### The data ###
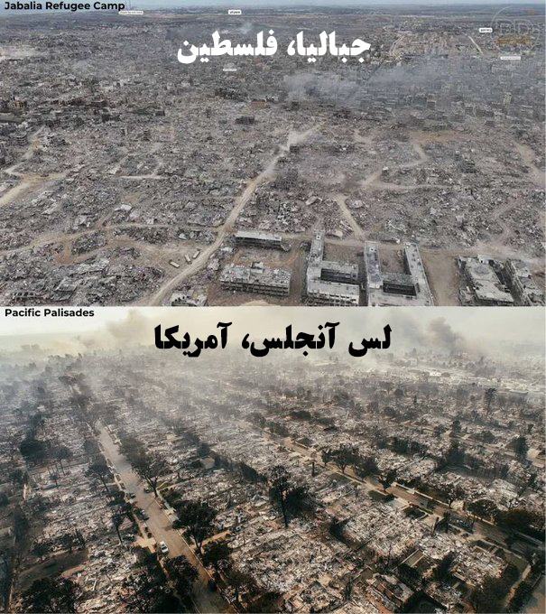 خسارتی که رژیم صهیونیستی با بمب های اهدایی آمریکا بعد از یکسال بمباران به غزه وارد کردند: ۵۰ میلیارد دلار. & خسارتی که تا الان با آتش سوزی به لس آنجلس وارد شده: ۱۳۵ میلیارد دلار!!! راستش را بخواهید هیچکدوم ازین اخبار و تصاویر، داغِ حتی یک کودک از هزاران کودکِ فلسطینی را که بی رحمانه شهید شدند، خنک نمی کند!
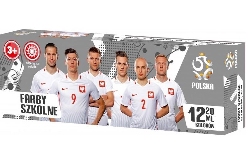 Farby 12 kolorów PZPN. Wygodne i szybkie w użyciu, nie wymagają rozcieńczania wodą. Odporne na działanie światła. Przeznaczone do malowania na papierze, kartonie, drewnie. Pojemność: 12x20ml.
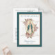 Featuring a beautiful blue floral traditional Catholic image of the Blessed Virgin Mary, Our Lady of Grace overlaid on pink roses and vintage design.
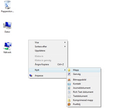 | 1 | Högerklicka på en tom yta på skrivbordet och välj Nytt > Mapp på den meny som visas. Ge mappen ett valfritt namn. | |||||||
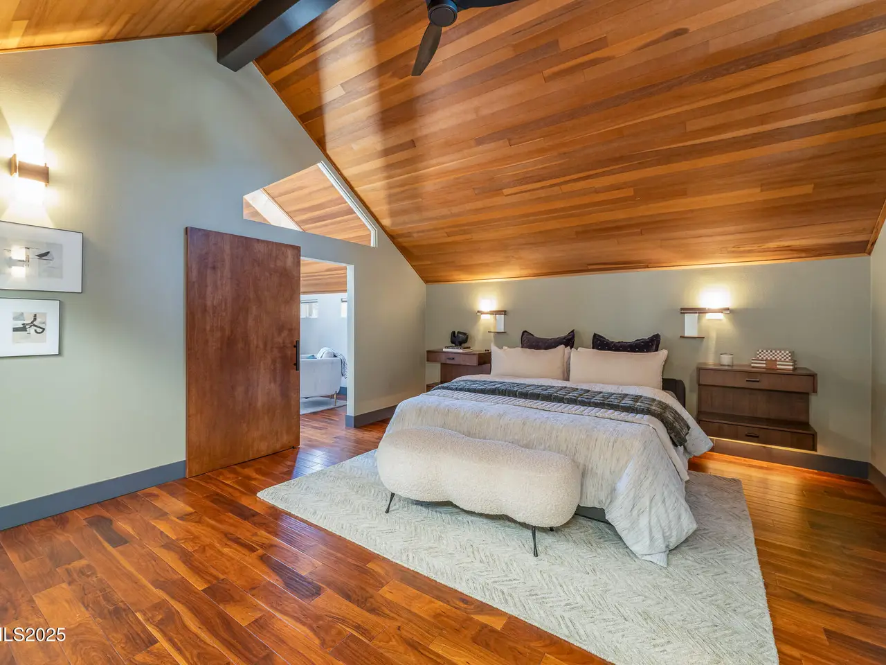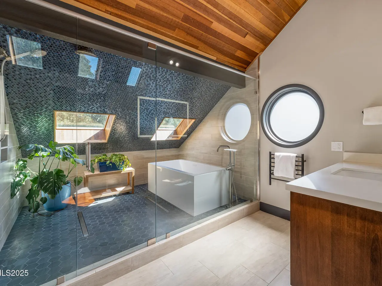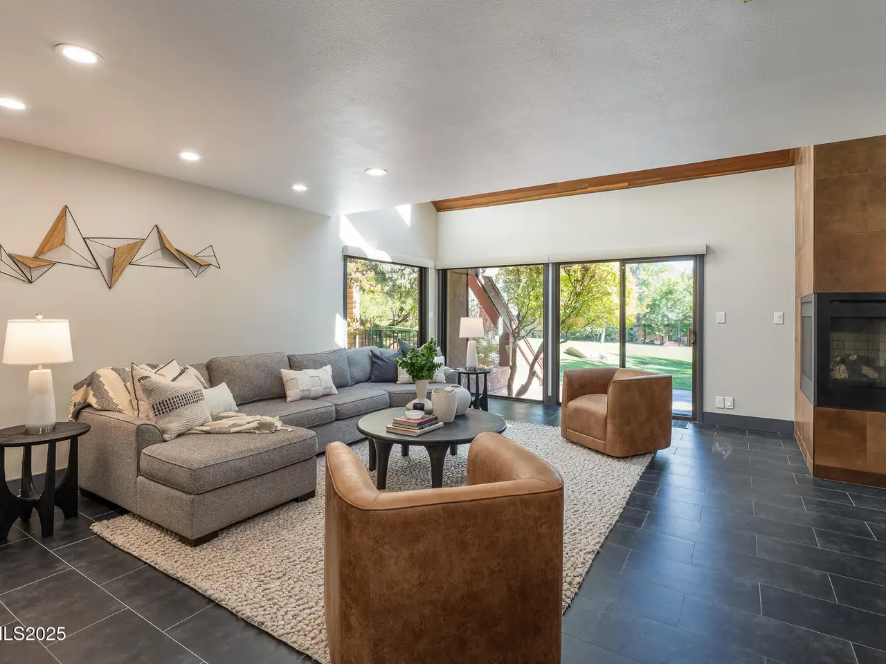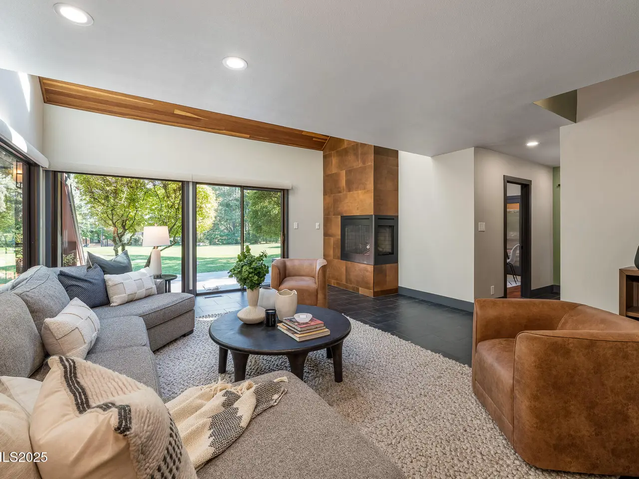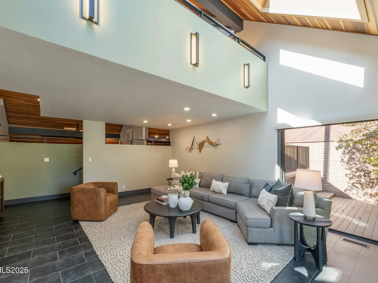 I present to you a true architectural masterpiece in coveted Lake Ridge Shores. Discover a rare opportunity to own a Maurice Nespor-designed work of art in the highly sought-after Lake Ridge Shores community of southwest Reno. This split-level residence is more than a home - it's an experience - where every angle, finish, and feature has been intentionally designed to delight. Step inside to find a balance of hardwood and ceramic tile flooring, anchored by soaring redwood-finished ceilings that highlight striking architectural lines and flood the space with natural light. A remarkable live green planter with a fountain feature runs the full length of the home, bringing the outdoors in and creating a sense of calm and connection. At the center of it all, the custom kitchen is equal parts functional and striking, with rich wood-finished cabinetry, a coffee or cocktail bar with open shelving, and design accents that invite both creativity and conversation. One of the home's most delightful details—a circular window—adds a sense of whimsy and fun, making this space as unique as it is inviting. The primary suite redefines relaxation. Expansive in scale yet intimate in feel, it is designed as a true spa retreat, where comfort meets artistry. The bathroom's bold architecture and thoughtful finishes are elevated with heated tile floors and towel racks, offering a daily indulgence in warmth and luxury. Every detail—down to the angles, lighting, and textures—was carefully curated for both beauty and function. Additional features include a bonus loft for flexible living, and an attached bedroom or office space perfectly suited to today's lifestyle. The home's smart technology, with integrated Lutron and Hue lighting systems managed at the touch of an iPad, allows for effortless ambiance and personalization. Throughout the residence, multiple sitting areas invite connection and reflection, while expansive windows frame the tranquil greenbelt backdrop—offering ultimate privacy within this prestigious gated community. Here, architecture, nature, and modern living converge into a home that is as rare as it is remarkable.
###
Take the material above from the line containing "Farby 12 kolorów" up to and including the line containing "valfritt namn. | |||||||" and retype it exactly, without any pictures.

Written answer:
 Farby 12 kolorów PZPN. Wygodne i szybkie w użyciu, nie wymagają rozcieńczania wodą. Odporne na działanie światła. Przeznaczone do malowania na papierze, kartonie, drewnie. Pojemność: 12x20ml.
 Featuring a beautiful blue floral traditional Catholic image of the Blessed Virgin Mary, Our Lady of Grace overlaid on pink roses and vintage design.
 | 1 | Högerklicka på en tom yta på skrivbordet och välj Nytt > Mapp på den meny som visas. Ge mappen ett valfritt namn. | |||||||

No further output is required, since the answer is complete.